End-to-end unified optimization combining:

  • Representation Learning — features from gaze regions
  • Self-Rewarding Reinforcement Learning — optimizing gaze distribution for task benefits
image

Figure 4: Reinforcement learning–driven end-to-end active vision

---

Experimental Results

Image Classification

  • AdaptiveNN-DeiT-S:
  • Accuracy: 81.6%, Cost: 2.86 GFLOPs (5.4× savings)
  • AdaptiveNN-ResNet-50:
  • Accuracy: 79.1%, Cost: 3.37 GFLOPs (3.6× savings)

Interpretability

  • Gaze focuses on discriminative regions (e.g., animal heads, instrument details, machine parts)
  • Extends sequence when targets are small or distant
  • Strategy mirrors human fixations
image

---

Fine-Grained Visual Recognition

Tasks: CUB-200, NABirds, Oxford-IIIT Pet, Stanford Dogs, Stanford Cars, FGVC-Aircraft

Performance:

  • 5.8×–8.2× computational savings
  • Equal or better accuracy
  • No explicit localization supervision needed for focus
image

Figure 6: Fine-grained recognition results

Human-Like Behavior:

  • Similar gaze positioning and difficulty assessment patterns
  • Visual Turing Test: Humans could barely distinguish model vs. human gaze paths
image

Figure 7: Model–human perception consistency

---

From Perception to Embodied Intelligence

Applied to Vision–Language–Action (VLA) foundation models:

  • In complex scenarios:
  • 4.4–5.9× reduction in computation
  • Maintained task success rate
  • Improved reasoning and perception efficiency in embodied AI
image

---

Broader Impact and Application

AdaptiveNN links efficient perception with multi-platform AI content workflows:

Use case:

  • Publish vision insights to Douyin, Kwai, WeChat, Bilibili, Rednote, Facebook, Instagram, YouTube, LinkedIn, Pinterest, X
  • Monetize via open-source tools (开源地址)

---

Paper Link: https://www.nature.com/articles/s42256-025-01130-7

Read more

Translate the following blog post title into English, concise and natural.
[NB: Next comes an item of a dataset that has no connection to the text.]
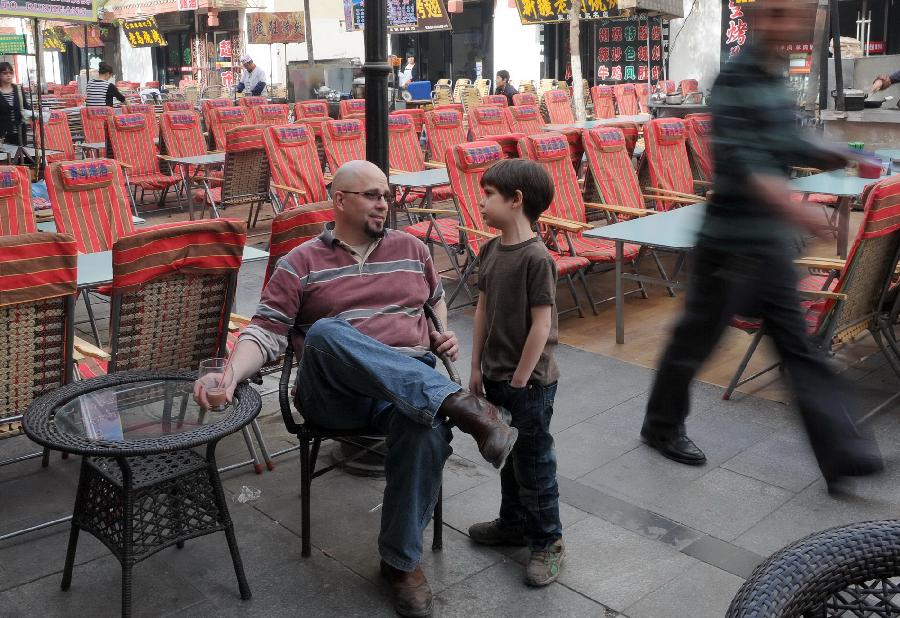 Kevin Gilley (L) talks with his son Nathan outside his coffee house in Dunhuang, northwest China's Gansu Province, April 27, 2012. Among the barbeque restaurants at the night fair in Dunhuang, a historic city in northwest China, a coffee house stands out. It sells coffee and pizza. Dunhuang is a famous tourist destination in Gansu Province, so the coffee shop attracts many customers. The owner of the coffee house are the Gilleys, an American couple. Kevin Gilley and Sheryl Gilley came to China in the 1990s and visited Dunhuang, and they were attracted by the historic relics and local culture. They came back again in November 2008 and opened the coffee house, named as Oasis Cafe, for the environment of Dunhuang. This was the first coffee house in Dunhuang opened by foreigners. "I hope I can run a coffee house in a city of China all along," Kevin said. "I think I've found the right one when I encountered Dunhuang, a small city with fabulous history and culture." The Gilleys were afraid that seldom people would come here at first. However, many local residents are interested in foreign drinks and food. After learning coffee culture in Oasis Cafe as customers, they opened their own cafes in Dunhuang. Furthermore, thousands of tourists from home and abroad visit the historic relic every year, bringing a great number of customers to the coffee house. "I'm glad that we can meet people with different cultural background here," Sheryl said. "It is like a small world." Oasis Cafe runs from 2:00 p.m. to the hour before dawn next day. Waiters here can speak English, while Gilleys can speak a little Chinese to customers. "I will stay here. Everything is fantastic except occasional sandstorms," Kevin said. "If I have another choice of settlement, the result is Dunhuang again." (Xinhua/Gao Jianju)

Return plain text only without quotes. 哈佛大学 R 编程课程介绍

Harvard CS50: Introduction to Programming with R Harvard University offers exceptional beginner-friendly computer science courses. We’re excited to announce the release of Harvard CS50’s Introduction to Programming in R, a powerful language widely used for statistical computing, data science, and graphics. This course was developed by Carter Zenke.